Memorie del '68 meno '68 di così non si può, a meno che
io non mi debba considerare ora un ecologista coatto ante litteram.
Tanto di quegli eventi è stato bloccato, rimosso, che il meglio
che riesco a ravvisare e a narrare in questi appunti tardivi è
un unico frammento, un coccio, un giorno. Avrà il lettore la
pazienza e la fantasia degli archeologi, che da una scheggia ricostruiscono
un orcio della Tessaglia illustrato da una scena bucolica o lussuriosa?
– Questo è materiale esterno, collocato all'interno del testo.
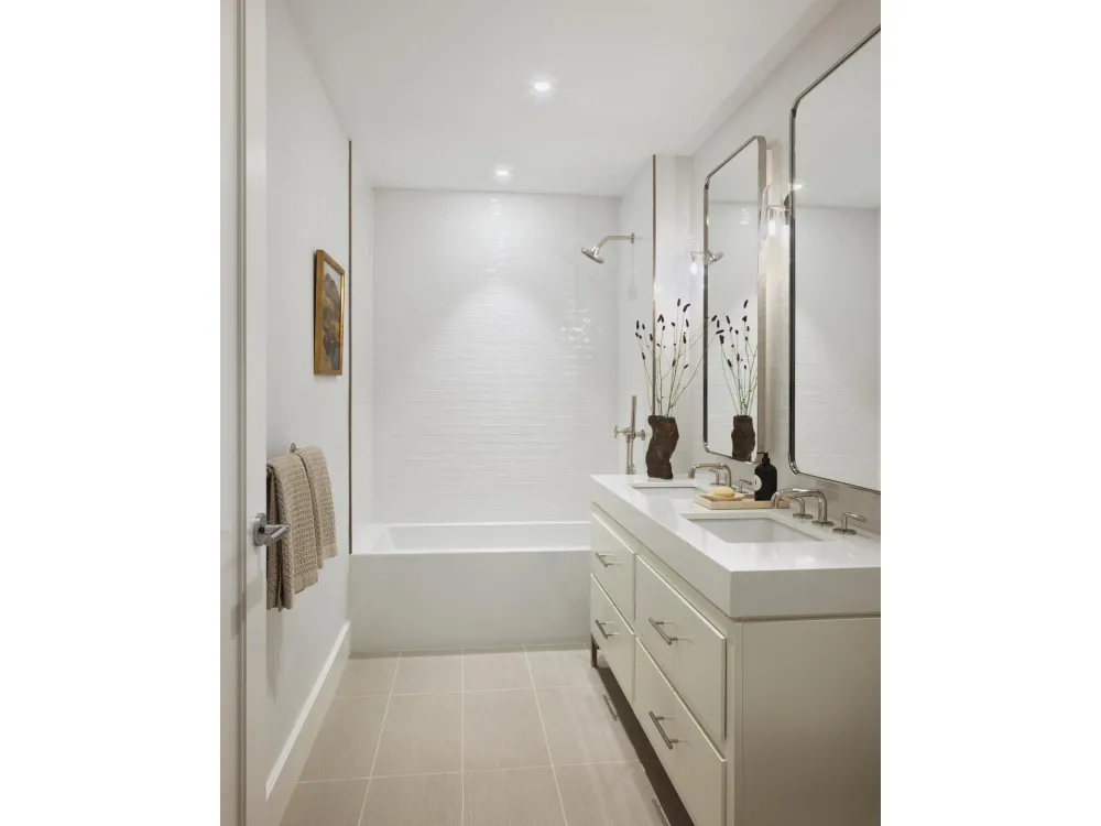 This gracious, corner 2,082 square-foot, 4-bedroom, 3-and-a-half-bathroom home opens onto 5" plank white oak flooring bathed in natural light from oversized east-facing windows. The spacious corner great room is ideal for entertaining or relaxing and includes a separate dining area and built-in cabinetry for a television or artwork.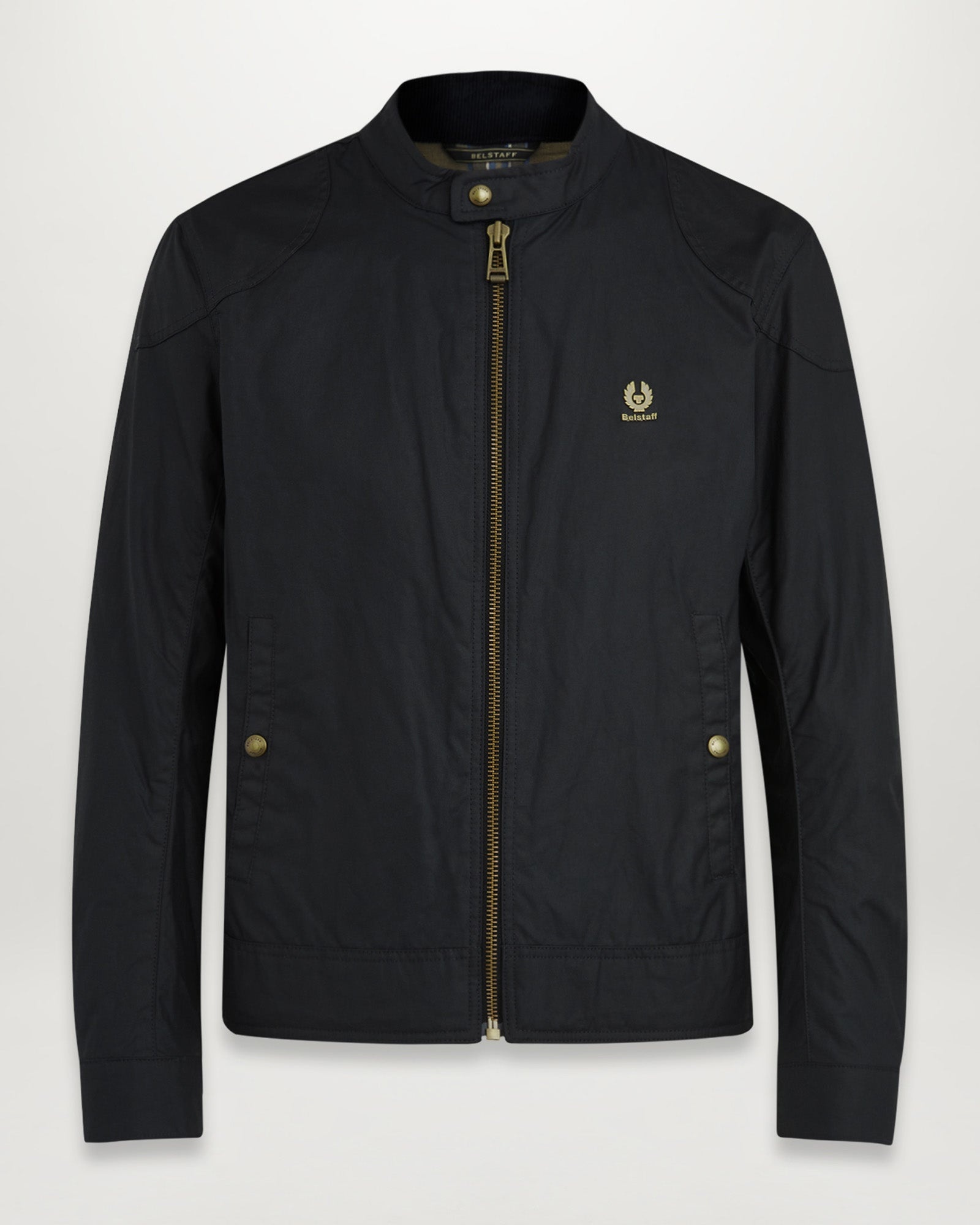 Upgrade by stripping back with the Kelland. A classic café racer, the Kelland is all about performance and clean lines. Crafted from our unique black 6 oz. waxed cotton, with reinforced shoulders and elbows, it's a jacket for those who push the limits. DETAILS - 6 oz. waxed cotton with a proprietary blend of micro and technical waxes - Water-repellent and wind-repellent - Signature Belstaff cotton twill lining - Corduroy linings at the collar and cuffs - Self-fabric reinforced shoulders and elbows for durability at high abrasion points - Rear kidney guard panel - Exterior: 100% Cotton - Body lining: 100% Cotton. Sleeve lining: 100% Viscose - Model also wears Longton Slim Jeans in Indigo and Trialmaster Zip Up Boots in Black - Product ref: 100030BLACK SIZE AND FIT - Designed for a slim fit. The Model is 6'2 and wears a size 50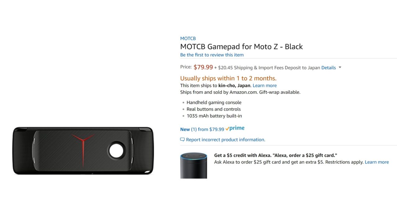 「Moto Gamepad Moto Mod」は Amazon において、本体価格 $79.99 となっています。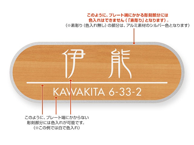 (※「素彫り」とは、サンドブラスト加工のみを施して着色をしない彫刻加工仕上げです。「素彫り」の部分は、ベース金属のアルミ素材の色(明るいシルバー)になります。)

Quel coccio, quello della mia memoria, non è tuttavia innocente.
Uno dei suoi lati offre un volto di donna. L'altro è incrostato
di fango, e ancora più fosco, sotto: l'immagine è tetra,
definita da un tracciato energico.
E quando l'immagine si spegne, o si nasconde, rimane il cinguettio del
Ben Tivì, il piccolo dio invisibile, omnipresente, che ha fatto
dei miei nervi un nido, per sempre.
* * *
Avevo allora tredici
anni. Mio padre, chimico in un laboratorio svizzero, si era trasferito
alla filiale della ditta nell'Itatiaia, montagne costiere sudamericane,
per impiantare un nuovo reparto industriale destinato alla produzione
di antibiotici a largo spettro.
Il suo lavoro avrebbe dovuto durare un anno, ma in soli otto mesi il
nuovo reparto era già operativo, e i miei poterono ritornare
nella nostra Lugano, dove il pregnante '68, in verità, non riuscì
mai a fuoriuscire dagli schermi televisivi per le strade e nelle case.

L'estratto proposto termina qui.